= Yoked control design =

Experimental research design

A yoked control design is a research design used in experiments in which matched research subjects are yoked (joined together) by receiving the same stimuli or conditions. In operant conditioning the yoked subject receives the same treatment in terms of reinforcement or punishment.

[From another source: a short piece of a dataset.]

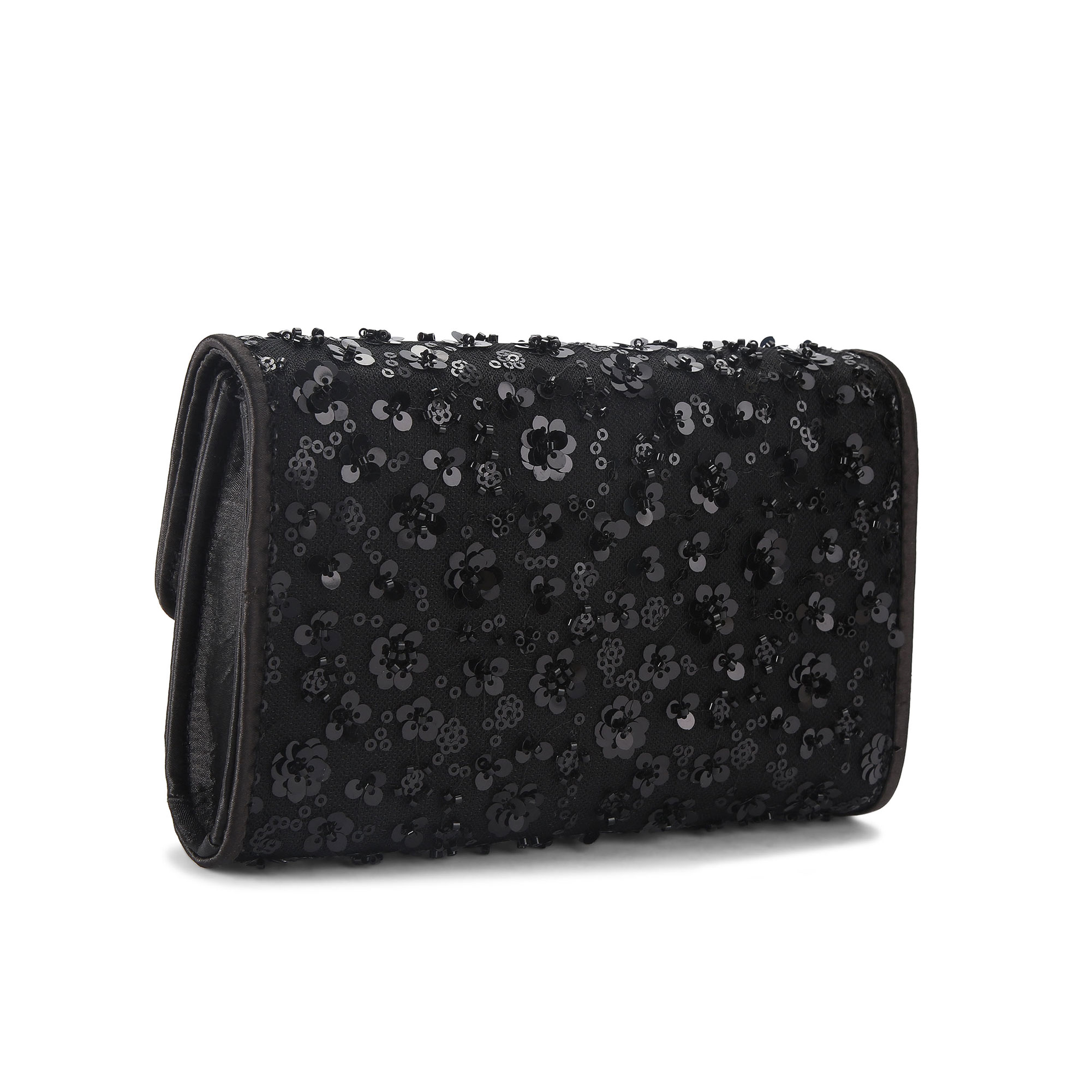 - Clutch style, fabric finish, sequin flower embellishment, gold-tone branding, long crossbody optional strap
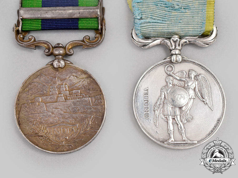 1. The Crimea Medal was a campaign medal approved on December 15, 1854, for issue to officers and men of British units (land and naval) which fought in the Crimean War of 1854-1856 against Russia. The medal was awarded with the British version of the Turkish Crimea Medal, but when a consignment of these was lost at sea, some troops received the Sardinian version.

Yoked control designs are used in a variety of scientific disciplines, including learning sciences, social psychology, and psychophysiology.

== Example ==

First ten stimuli for a yoked pair
| Irma Maes |  | Jef Jacobs |  |
|---|---|---|---|
| A | U | A | U |
| D | M | D | M |
| R | T | R | T |
| G | I | G | I |
| V | S | V | S |
| E | N | E | N |
| A | P | A | P |
| L | M | L | M |
| H | F | H | F |
| E | I | E | I |

In his research into the name-letter effect, Belgian experimental psychologist Jozef Nuttin created a yoked control design in which two subjects evaluated the same letters, separately. Some of the letters belonged to one subject's name, and some of the letters belonged to the other subject's name, while some were random. Crucially, in the experimental design subjects are not aware that they are choosing letters from their name. In this design any difference in preference between subjects would have to be based on whether the letter occurred in their name. For example, for the fictitious pair Irma Maes and Jef Jacobs the first stimulus was A and U: the last letter in Irma's first name and a letter not in her name. Both subjects had to circle the letter they preferred. The next stimulus was M and D: the penultimate letter from Irma's first name and a letter not part of her name. This was repeated for the remaining letters of her first name, and subsequently the letters of her last name, also in reverse order, and finally the letters of both of Jef's names. Oral instructions were given to feel a preference as fast as possible, without thinking. If the yoked subjects shared a letter, choosing it did not contribute to the measurement. Nuttin found that people significantly liked name letters more than non-name letters, without realising it.